### Exercise
Each entry should be set down exactly as written, except for any picture it holds.

### Records from a data collection

*** Block opens ***

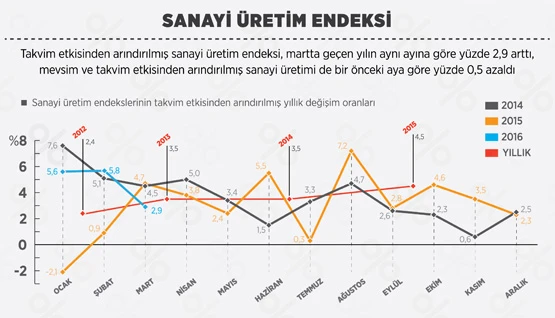 Takvim etkisinden arındırılmış sanayi üretim endeksi, martta geçen yılın aynı ayına göre yüzde 2,9 arttı, mevsim ve takvim etkisinden arındırılmış sanayi üretimi de bir önceki aya göre yüzde 0,5 azaldı. Türkiye İstatistik Kurumu (TÜİK), mart ayına ilişkin sanayi üretim endeksi sonuçlarını açıkladı. Buna göre, mevsim ve takvim etkisinden arındırılmış sanayi üretimi, martta bir önceki aya göre yüzde 0,5 azaldı. Takvim etkisinden arındırılmış sanayi üretimi ise geçen yılın aynı ayına göre yüzde 2,9 arttı. Öte yandan, arındırılmamış sanayi üretim endeksinde, martta geçen yılın aynı ayına göre yüzde 4,7 artış kaydedildi.
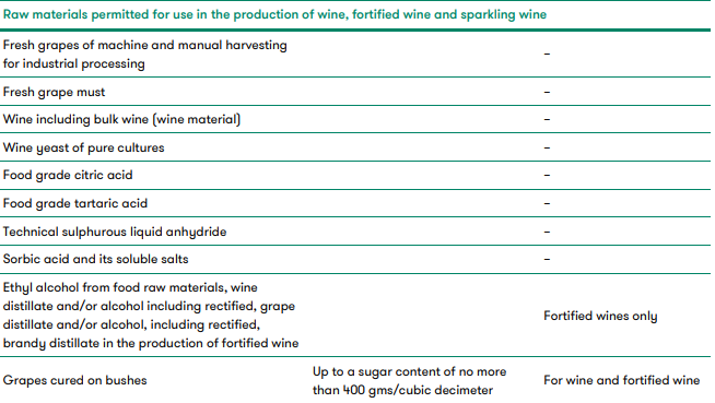 10 Alcolizzazione, ovvero aggiunta di alcol etilico da materie prime alimentari o distillato di vino, particolarmente corretto, distillato d'uva, particolarmente rettificato, o distillato di frutta, in particolare rettificato, o distillato di miele separatamente o in combinazione, tranne che per l'uso di alcool etilico proveniente da materie prime alimentari o distillato di vino, in particolare rettificato, per la produzione di vini fortificati, nonché distillato di vino, in particolare rettificato, o distillato di uva, in particolare quello rettificato, per produrre il liquore da utilizzare nella fabbricazione di vini spumanti
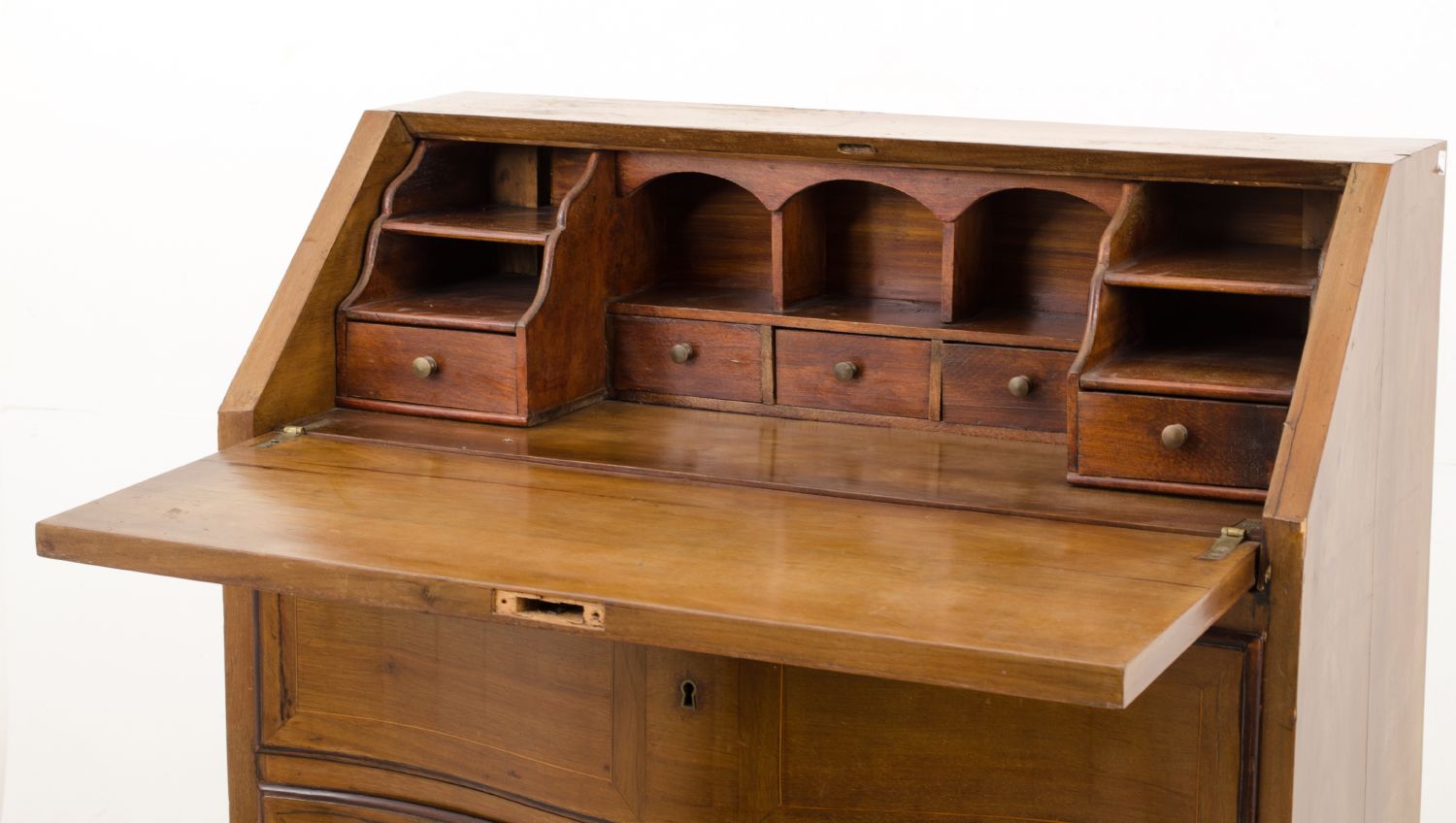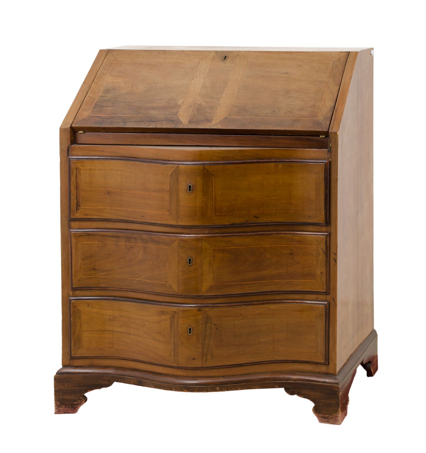 RIBALTINA a tre cassetti in noce con perfili in bosso. Inghilterra primi '900...
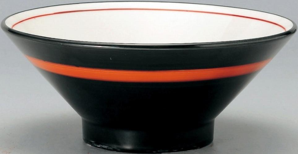 美濃焼 切立高台21cm丼ぶり 黒手巻赤帯_ (個箱・名入れ代は、別途見積)
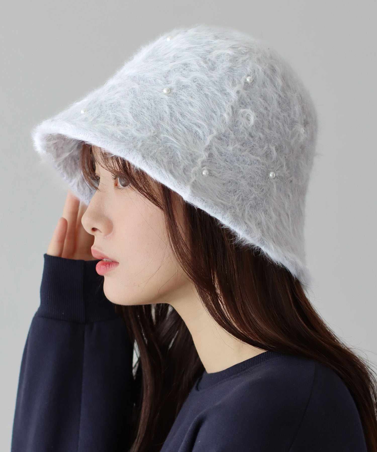 秋冬におすすめのシャギーファーバケットハット ?POINT 毛足が長めのふわふわとしたファーにパールを散りばめたデコラティブなデザインのバケットハット。 頭がすっぽり入るサイズ感でスマートなシルエットなので、小顔効果も抜群。 アンゴラが含まれている程よい毛並みのファー素材で、暖かく着用できます。 柔らかい素材なので、使わない時も折りたたんでバッグにインできる手軽さ◎? 秋冬のコーディネートを一気にグレードアップしてくれるアイテムです。
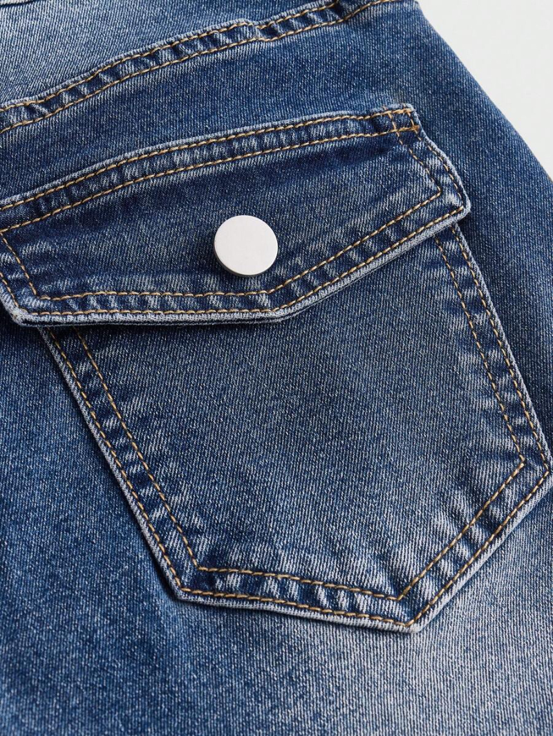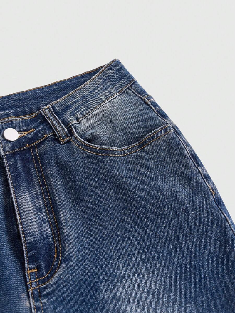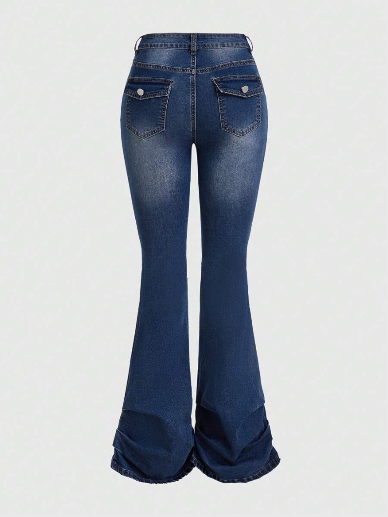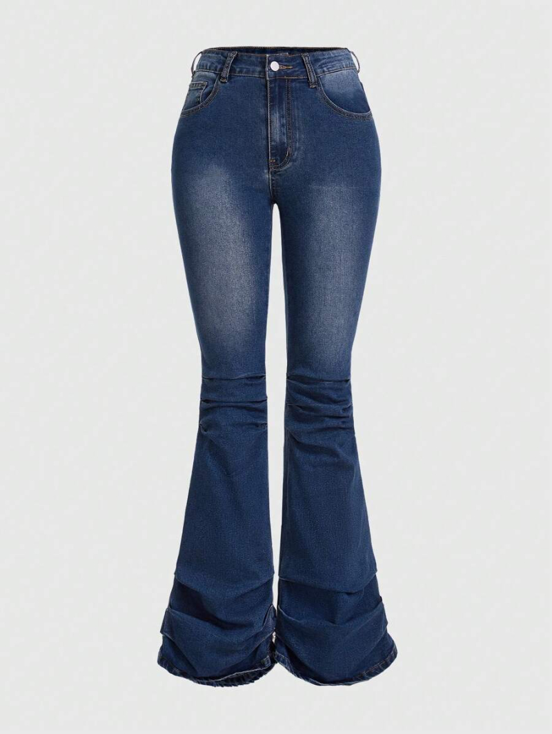 Grunge Punk Street Style Commuter High Stretch Washed Plus Size Women'S Bell-Bottomed Pencil Jeans With Pleated Hem Detail

*** Block closes ***

### Answer to this exercise
 Takvim etkisinden arındırılmış sanayi üretim endeksi, martta geçen yılın aynı ayına göre yüzde 2,9 arttı, mevsim ve takvim etkisinden arındırılmış sanayi üretimi de bir önceki aya göre yüzde 0,5 azaldı. Türkiye İstatistik Kurumu (TÜİK), mart ayına ilişkin sanayi üretim endeksi sonuçlarını açıkladı. Buna göre, mevsim ve takvim etkisinden arındırılmış sanayi üretimi, martta bir önceki aya göre yüzde 0,5 azaldı. Takvim etkisinden arındırılmış sanayi üretimi ise geçen yılın aynı ayına göre yüzde 2,9 arttı. Öte yandan, arındırılmamış sanayi üretim endeksinde, martta geçen yılın aynı ayına göre yüzde 4,7 artış kaydedildi.
 10 Alcolizzazione, ovvero aggiunta di alcol etilico da materie prime alimentari o distillato di vino, particolarmente corretto, distillato d'uva, particolarmente rettificato, o distillato di frutta, in particolare rettificato, o distillato di miele separatamente o in combinazione, tranne che per l'uso di alcool etilico proveniente da materie prime alimentari o distillato di vino, in particolare rettificato, per la produzione di vini fortificati, nonché distillato di vino, in particolare rettificato, o distillato di uva, in particolare quello rettificato, per produrre il liquore da utilizzare nella fabbricazione di vini spumanti
 RIBALTINA a tre cassetti in noce con perfili in bosso. Inghilterra primi '900...
 美濃焼 切立高台21cm丼ぶり 黒手巻赤帯_ (個箱・名入れ代は、別途見積)
 秋冬におすすめのシャギーファーバケットハット ?POINT 毛足が長めのふわふわとしたファーにパールを散りばめたデコラティブなデザインのバケットハット。 頭がすっぽり入るサイズ感でスマートなシルエットなので、小顔効果も抜群。 アンゴラが含まれている程よい毛並みのファー素材で、暖かく着用できます。 柔らかい素材なので、使わない時も折りたたんでバッグにインできる手軽さ◎? 秋冬のコーディネートを一気にグレードアップしてくれるアイテムです。
 Grunge Punk Street Style Commuter High Stretch Washed Plus Size Women'S Bell-Bottomed Pencil Jeans With Pleated Hem Detail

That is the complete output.